- Born: Robert C. Cahaly October 16, 1969 (age 56) Georgia, U.S.
- Education: University of South Carolina (BA)
- Occupations: Pollster; political consultant;
- Organization: Trafalgar Group
- Known for: Weighting opinion polls to account for a purported "shyness" among Donald Trump supporters
- Political party: Republican

= Robert Cahaly =

21st-century American pollster and political consultant

Robert C. Cahaly (born October 16, 1969) is an American pollster who founded of the Trafalgar Group. He was a political consultant for Republican Party candidates.

Cahaly founded Trafalgar Group in 2016. He drew attention in the aftermath of the election because Trafalgar had was one of a small number of polling firms to predict Donald Trump's victory over Hillary Clinton in the 2016 presidential election. Cahaly stated that Trafalgar's polling methodology was more accurate than other polls because it utilized methods to increase the weighting of "shy, pro-Trump" voters, which he argued were underrepresented in most polls. Cahaly does not disclose Trafalgar's group's methods of polling or its process for ascertaining the volume of shy Trump voters in the electorate.

Leading up to the 2020 presidential election, Cahaly garnered substantial media attention for his assertions that Trump would prevail over Joe Biden in the 2020 election, a claim that contradicted the polling consensus. Cahaly's prediction of a Trump victory proved to be wrong, with him (and Trafalgar) incorrectly predicting Trump victories in five battleground states won by Biden.

==Early life==

Cahaly was born in Georgia and grew up in Pendleton, South Carolina, and received a Bachelor of Arts degree in political science from the University of South Carolina in 1995. Cahaly is of Syrian heritage and an Eastern Orthodox Christian. Starting as a child, he volunteered on various political campaigns, before eventually founding his own political consulting firm in 1997.

==Career==
===Political consultant===
Cahaly has worked on campaigns for various Republicans, including governors Carroll Campbell, David Beasley, Mike Huckabee, Nikki Haley, Chris Christie, and Henry McMaster; US Senators Strom Thurmond, Bob Dole, Tim Scott, and Ben Sasse; and Presidents George H. W. Bush, George W. Bush, and Donald Trump.
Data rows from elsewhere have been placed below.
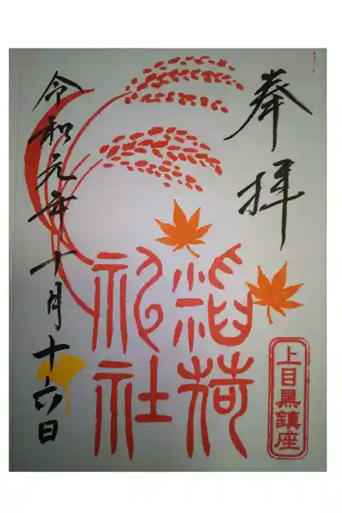目黒区大橋にある村社の神社。主祭神は素盞嗚尊・天照皇神・菅原道真。創建は天正年間(1573-1592)。例祭は8月第4土・日曜に行われている。
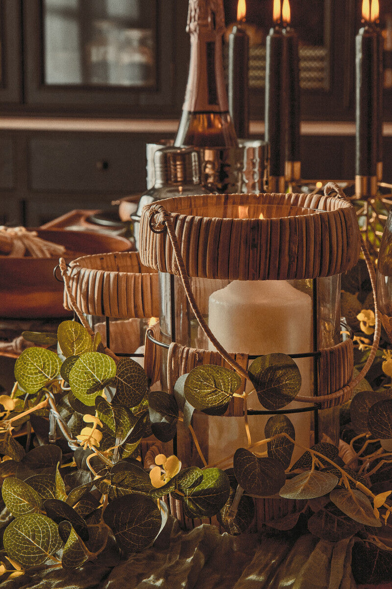 Encased in a black finish iron wire cage, the Kuta natural and clear lantern features a cylindrical glass body. Natural rattan is expertly weaved around the top and bottom of this round glass lantern complementing the clear body. A rope wrapped handle over the lantern complete the look. This small lantern is a coastal accent piece offering a refreshing airy feel to your window sill or shelf.
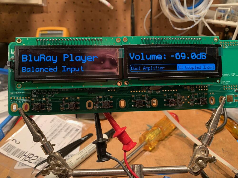 OLEDs in the house. UGS Muse preamp (x2). This one is for HC user DrizztDo (who I am building the Carbon for and previously built an SS Mini Dynalo for). The previous processor pic(s) were from my board (in the mini T2 build thread I believe). The 0.5mm 100 pin LQFP-100 package caused me to buy a USB microscope to see what the fuck I was doing... Jose had posted one in that thread.

On November 3, 2010, Cahaly was arrested by the State Law Enforcement Division (SLED) and charged with making illegal robocalls. Cahaly denied any wrongdoing, stating "It is sad and disappointing that in this charged election cycle full of last minute surprise attacks that Democrat Incumbents and power brokers are leveraging all of their influence to create a last minute salacious headline. We are apparently today's target." The charges were dismissed in October 2012. After the charges were dropped, Cahaly filed suit against SLED officials, claiming his constitutional right to free speech had been violated. The subsequent decision of Cahaly v. LaRosa found the anti-robocall statute was a content-based restriction on speech and therefore unconstitutional.

===Pollster===
Cahaly gained media attention in 2016 for being one of the few pollsters to accurately predict that Donald Trump would carry the states of Michigan and Pennsylvania in the 2016 United States presidential election. Cahaly attributed this partially on the "Shy Trump Voter Theory" that poll respondents are afraid to reveal that they are voting for Trump due to a "social desirability bias."

In November 2020, Cahaly appeared on Hannity on Fox News and predicted that Trump would win Pennsylvania, but possibly still lose the state through voter fraud: "He better win by 4 or 5% to make sure he gets victory there. That is the margin he needs to avoid what they will systematically do."

In September 2022, Cahaly, in an interview with Split Ticket, acknowledged methodological changes from his polling of the 2020 United States elections.

The Trafalgar Group's polling numbers were mostly inaccurate in the 2022 United States midterm elections. Trafalgar's polls incorrectly suggested that Republican candidates such as Kari Lake, Mehmet Oz, Tim Michels, and Herschel Walker, would all win.